Mission breakthrough at Otis

Col. Anthony Schiavi, commander of the 102nd Intelligence Wing, steps down from an excavator after punching a hole in a 1950s-era building at Otis Air National Guard Base yesterday. The building will eventually be replaced with a $14.4 million, 33,000-square-foot facility that will make Otis one of the top intelligence-gathering National Guard bases in the country.Cape Cod Times/Steve Heaslip

OTIS AIR NATIONAL GUARD BASE — They sliced a ribbon on a temporary building, put shovels to dirt for a new one and busted through the concrete of a 1950s-era building with an excavator — all in the span of 20 minutes.

Four years after a federal commission changed its mission, the Massachusetts Air National Guard's 102nd Intelligence Wing took a major step back onto the battlefield yesterday.

Intelligence gathering

  • Video, photographs and audio are taken by MQ-1 Predator, MQ9-Reaper and RQ4-Global Hawks flying over war zones.

  • The video, photographs or audio are beamed back to the 480th ISR Wing at Langley Air Force Base, Va.
  • From there, data is sent to one of 20 Distributed Ground Stations, like the one at Otis, for processing and analysis.
  • The findings are sent back to the war zone.

Only this time, instead of flying jets into enemy air space, they're monitoring video, still photographs and audio gathered by unmanned aircraft, analyzing it and getting the information back to the battlefield.

"What a journey it has been," Col. Anthony Schiavi, commander of the 102nd Intelligence Wing, said before a gathering of military and Cape leaders. "The 102nd rose from a dark and uncertain future."

Yesterday, Schiavi gave a peek inside the freshly minted, $1.8 million initial operating site for the 102nd's Distributed Ground Station. No cameras or cell phones were allowed inside the 240-square-foot building filled with massive flat-screen monitors and banks of computer screens that are considered a weapons system. The mission is so secretive, the 102nd asked reporters not to disclose the exact location of the temporary building.

During the brief visit, video aired of a pickup truck under surveillance from an unmanned plane flying at 17,000 feet. The pickup could be seen streaking across a road with dirt kicking up behind the tires.

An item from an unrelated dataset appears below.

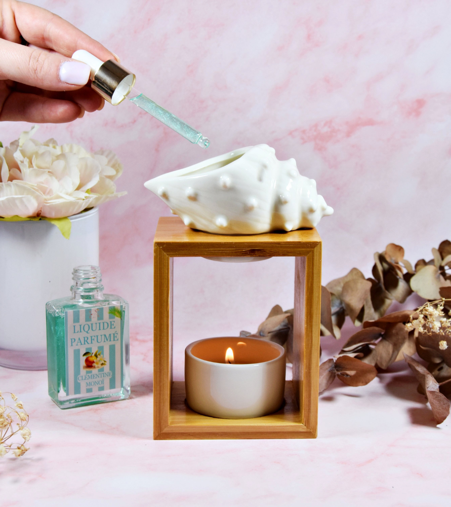 - Matériaux naturels : Fabriqué en bois de qualité et un orné d'un grand coquillage, ce brûle-parfum offre une esthétique naturelle et authentique.
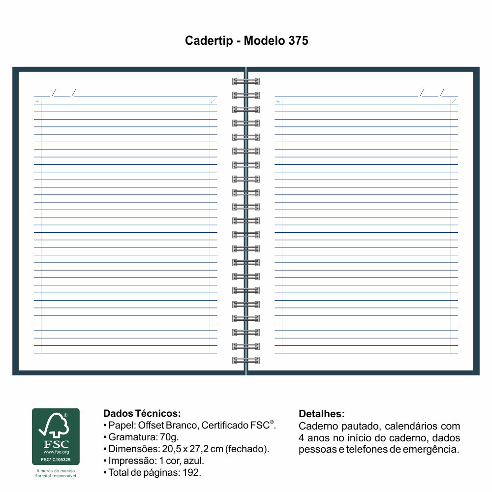 Caderno pautado, calendários com 4 anos no início do caderno, dados pessoas e telefones de emergência.

No specific questions about the mission were answered during the tours. "We need to err on the side of not giving out too much information," said Col. Jim Lefavor, commanding officer of the new facility and its mission.

The temporary building, which is heavily guarded, will eventually be replaced by a $14.4 million, 33,000-square-foot facility that will make Otis one of the top three intelligence-gathering National Guard bases in the country.

Construction is expected to begin soon and should be complete in 18 months, Schiavi said. This is the second mission to get up and running under the 102nd Intelligence Wing umbrella. Last spring, the 102nd's Air Operations Group began its work tracking global air missions.

At yesterday's ceremonies, the late-U.S. Sen. Edward M. Kennedy was credited, along with U.S. Sen. John Kerry, U.S. Rep. William Delahunt and former Gov. Mitt Romney, with securing the new missions.

In 2005, after an 86-year tradition of the 102nd in manned aviation, the defense department's Base Realignment and Closure Commission decided to move the unit's F-15 jets — the ones that were the first to respond to the 9/11 attacks on the World Trade Center — to Barnes Air National Guard Base in Westfield.

All but 1 percent of the staff from the 102nd Fighter Wing — essentially a handful of pilots who followed the jets — decided to remain at Otis, Schiavi said.

The remaining pilots, mechanics and other support staff — some of them in their 40s and 50s — had to go through seven months of training in their new field, said Maj. Gen. Michael Akey, commander of the Massachusetts Air National Guard. Not only did the 102nd have a 100-percent graduation rate, but 30 were named distinguished graduates, he said.

The 102nd still employs 1,000 military and civilians, Schiavi said, and more could be on the way as the unit's mission grows.

The surveillance and reconnaissance work that will now be done at Otis puts the 102nd back "on the cutting edge of America's air defense system," said Maj. Gen. Joseph Carter, adjutant general of the Massachusetts National Guard.

The systems can also be used to help with the Guard's state mission, he said. In California, a Distributed Ground Station helped officials track wildfires, Carter said.

But the main job is to keep tabs on the battlefields in Iraq and Afghanistan and to provide that information to commanding officers on the front lines, Schiavi said.

"Otis Air National Guard base is open, the 102nd is alive and well," Akey said. "Today is a great day."